My parents will be going tonight to see that doctor with all my print outs of everything that has/is happening to me. Along with all the tests that have been run and the results.
My mother has her surgery this Wed. and tomorrow has to take a drink that will make her go to the bathroom all day. She will be home in a few hours. Today is her last day of work, then she will be off for three weeks.
I don't have that much to say other than the fact I am pretty much the same. Somethings are better while other things are worse. I feel like life has become a dream. I wake up every morning back in this dream/nightmare. I feel disconnected from the world some how no longer a part of it, just observing it.
I feel shell shocked by everything. I never know when my heart is going to race or skip next or when I will throw up from eating. I am still very scared I will faint again. I am in limbo as to what tests will be run on me next, what pills I will have to take, and my reactions to all of it.
I had a dream last night that I was crippled and in a wheel chair from some stroke I had. I was sitting in a therapist office and the therapist was trying to convince me that the stroke was all in my mind and just anxiety even though medical doctors had proof I had a stroke.
In the dream my mom came in the room and asked if I could take her to the hospital because she was not feeling well from her cancer. I told the therapist my mom was sick and I had to leave and the therapist told me that I really didn't want to get better then and that maybe I just thought my mother was sick. That is all I remember and I woke up.

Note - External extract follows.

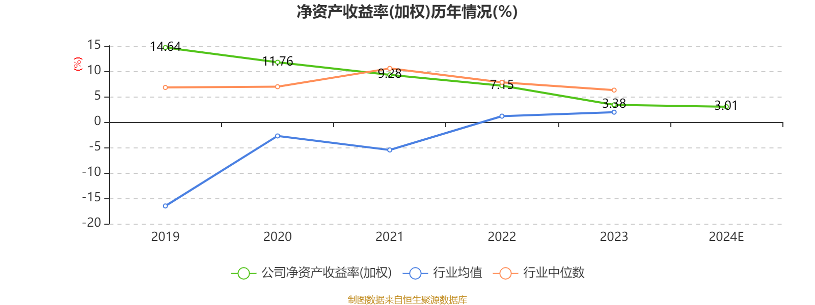 数据显示,2024年公司加权平均净资产收益率为3.01%,较上年同期下降0.37个百分点。

I finished the book "God Don't Like Ugly" and started the second book "God Still Don't Like Ugly". I am reading a second book as well "Yeah I Said It" by Wanda Sykes. That book is just OK, but I am reading it anyway. I am sure it is funny, but since I have been feeling so down it is hard for me to laugh or relate. I am sure most people would enjoy reading it.
I really miss Keith. I cried over him for about a half hour yesterday. I know he couldn't fix my problems or take them away, but some how having him in my life to talk to and as my partner would make me feel safer. Our relationship was enough for me, but it wasn't for him and I understand that. I just miss him so much.
My mother tells me there will be other people, but some how this seems different. Plus I doubt there will be others. I mean the way I am, who will give up the outside world and a busy life to sit at home with me. I am not that special. I am not even easy to live with. I get upset and scared so easy I must drain everyone around me even if that is not my intention.
I have no one to talk to about my mother. Since she is the only person I do talk to my fears over her cancer are not able to be addressed.
I guess when it comes to my mom I have several fears. There is a chance that this Wed. my mom could die during surgery. In less than 48 hours my mother could be gone. My other fear is that she will need chemo, a word she will not even say because she is busy being positive. I understand that, but I am concerned that this surgery will not be enough. I hope it is. And last my fear is that my mother is older and even if she does get better how much longer will I have her.